Grabbing his weapon Staff Sgt. Jared Ramey, Ohio National Guard, prepares his equipment before stepping off toward his objective during the Stalk event December 9, 2020 at the 50th Winston P. Wilson and 30th Armed Forces Skill at Arms Meeting Sniper Championships hosted by the National Guard Marksmanship Training Center, with the help of the U.S. National Guard Sniper School, which were held at the Fort Chaffee Joint Maneuver Training Center December 4-10, 2020.
Staff Sgt. Jared Ramey, Ohio National Guard, during the stalking event.

The sharpshooter competitions hosted by the National Guard Marksmanship Training Center together with the US National Guard Sniper School at Fort Chaffee in Arkansas are designed to test sniper skills, such as shooting and marksmanship, fieldcraft, and other relevant skills. They serve as a kind of training exercise and are intended to mimic certain aspects of real-world combat.

For example, there are exercises like call on fire, infiltration and exfiltration, and stalking, among others. In total, there are 28 events in the AFSAM competition alone.

In the AFSAM, California National Guard Staff Sgts. Demetrios Iannios and Eric Vargas scored a 625.5, which put them in first place ahead of the Special Warfare Training Group Team and the Marine Raider Training Center Team, which came in second and third place respectively.

Sniper teams put rounds down range.
Sniper teams put rounds down range.

The 2nd place winners were Sgt. 1st Class Jeff D. and Staff Sgt. Bj J., members of the special operations community who currently serve as instructors, according to a public affairs spokesperson at Fort Bragg who withheld their last names to protect their identities as SOF soldiers. Their final score in the competition was 500.

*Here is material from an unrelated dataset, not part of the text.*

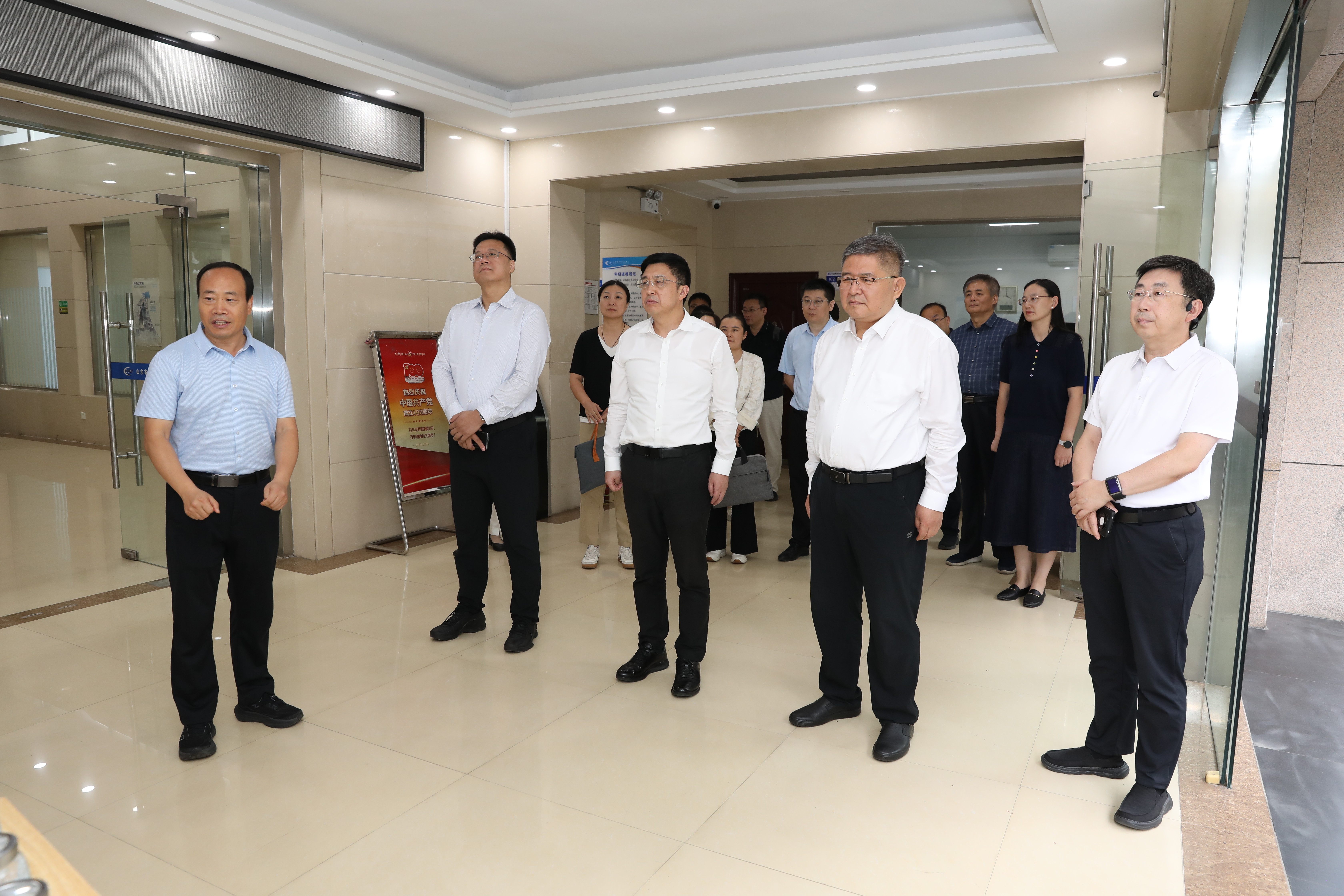 9 月 18 日下午,省科技厅副厅长祝恩元、青岛市科技局局长李天传一行莅临齐鲁工业大学(山东省科学院)化学与制药学部测试中心参观调研。校(院)党委书记吴衍涛、副校(院)长杨美红陪同调研。

And, the Marine sniper team that came in 3rd place in this competition was Staff Sgt. Dylan P. Deano and Gunnery Sgt. Eduardo L. Ocampo. Their score was 455.

Sgt. Triston Ivkov, Colorado National Guard, has a confirmed hit on a timed night fire event
Sgt. Triston Ivkov, Colorado National Guard, has a confirmed hit on a timed night fire event.

In the Winston P. Wilson Sniper Championship, which is just for National Guard participants, sniper teams from the Colorado National Guard, Iowa Guard, and Utah Guard took the top three spots.

The overall winners of the competitions were the California National Guard team with its score of 625.5. They were followed by the Colorado National Guard team, Sgt. Triston Ivkov and Spc. Max Miller, with a score of 546.5 and the Iowa National Guard Team, Spcs. Aaron M. McAndrews and Kyle R. Thies, with a score of 504.

“We’re all just trying to be the best that we can be and make everyone all around us better,” Vargas, humble in victory, said in a statement.

“We all wear the same flag on our right shoulder, and that’s what it is all about,” the staff sergeant said. “Coming together. Doing what we need to do. Being masters at our craft, shooting well, and just getting the mission accomplished the best way we can.”